Император усмехнулся, принимая их поздравления. Потом спросил заботливо:

– Ты в хорошей форме, Луций?

– Я думаю, мой дорогой. Ради тебя я должен выиграть, иначе я дам растоптать себя коням.

– Представители от сената, жрецов, коллегий и магистратов ожидают тебя в атрии, мой император, чтобы поздравить тебя, – сообщил Макрон.

– Я приму их в перистиле. Вы оба будете со мной. В здании слишком жарко. А потом в цирк!

– Лектику или коня? – спросил Макрон.

– Ничего. Я пойду пешком.

– Тогда охрану…

– Нет, мой Невий. Я не пойду в сопровождении преторианцев. Ведь никакая опасность мне не угрожает.

– Никогда не известно, – бубнил Макрон. – А что, если какой-нибудь сумасшедший…

Луций перебил его:

– И сумасшедший должен любить императора. А как утверждает Сенека, любовь народа – лучшая охрана для монарха.

***

Большой цирк напоминал половинку огромной раковины, наполненной розовым мясом.

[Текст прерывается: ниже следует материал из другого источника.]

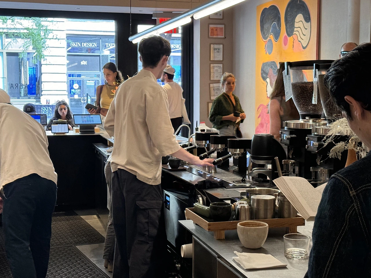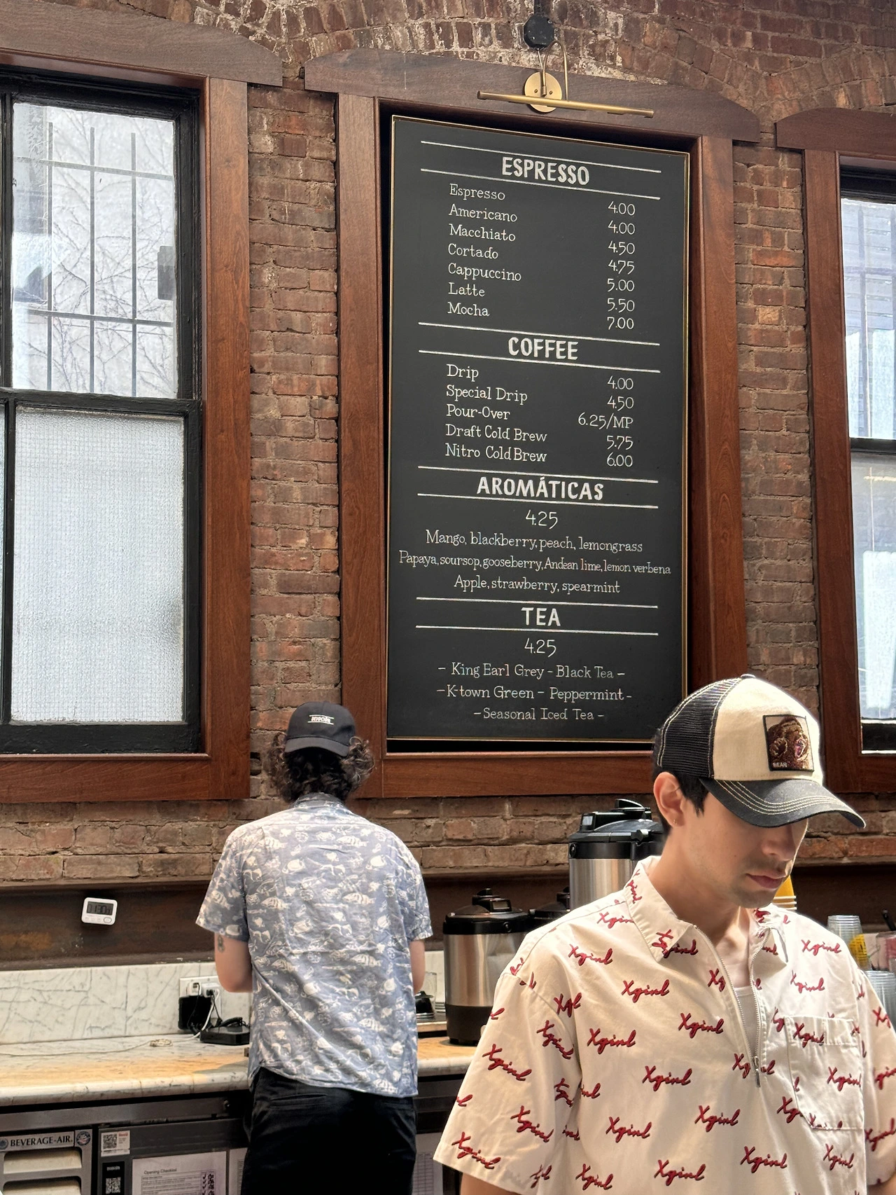 푸어오버 식의 드립 커피와 에스프레소 커피 음료, 알콜 및 논 커피 음료도 팔고 있다. 나는 카푸치노, 친구는 아이스 아메리카노를 주문해서 마셨다. 가격은 저렴한 편은 아니었다. 메뉴판 기준으로 각각 4달러, 6달러 정도인 것 같은데 세금이 붙으면 대략 20% 정도 최종 결제 금액이 올라간다. 뉴욕에 와서 처음 마신 커피였는데 맛은 괜찮았다. 바깥 풍경을 함께 마시면서 뉴욕 바이브를 들이켜 봤다. 소호를 방문한다면 한번쯤 가볼만하다.

Желтый песок арены рабы посыпали киноварью, амфитеатр сверкал белизной тог, то тут, то там мелькали цветастые одежды женщин. Воздух дрожал от жары. Все сверкало перед глазами, так что больно было смотреть. Цирк был набит зрителями до краев. Сенаторы заполнили кресла против императорской ложи. Рядом в ложах разместились понтифики, весталки, чуть дальше, в служебных ложах, – эдил и претор.

Рабы разносили фрукты и разбавленное вино. На самом верхнем ряду напротив императорской ложи расположились Скавр и Бальб. Чуть ниже их сидели Мнестер и Апеллес.

– Ого, люди добрые, – обратился к сидящим сзади Мнестер, – вы знаете, что после состязаний квадриг будут бороться преступники с тиграми?

Император приказал привезти из Индии двести штук.

– Б-р-р-р, вот будет крови, – заметил Бальб.

Мнестер пожал плечами.

– Ну и что? У крови прекрасный цвет.

***

Раздались звуки фанфар, возвестившие появление императора.

Под оглушительные крики и бурные овации, какими римляне подбадривали только хищников, бросающихся на гладиаторов, в ложу вошел двадцатипятилетний властелин мира в сопровождении своей супруги Эннии, сестры Ливиллы и Макрона.

Он действительно выглядел как бог. Длинный пурпурный плащ тончайшей шерсти делал стройной его располневшую фигуру. Туника из фиолетового шелка была расшита серебряными цветами лотоса. На голове золотой венок.

Императорский перстень украшал его руку.

Ложа императора была затенена полосатой оранжевой тканью, но Калигула вышел из-под тента, щуря глаза от солнца, поднял руку для приветствия.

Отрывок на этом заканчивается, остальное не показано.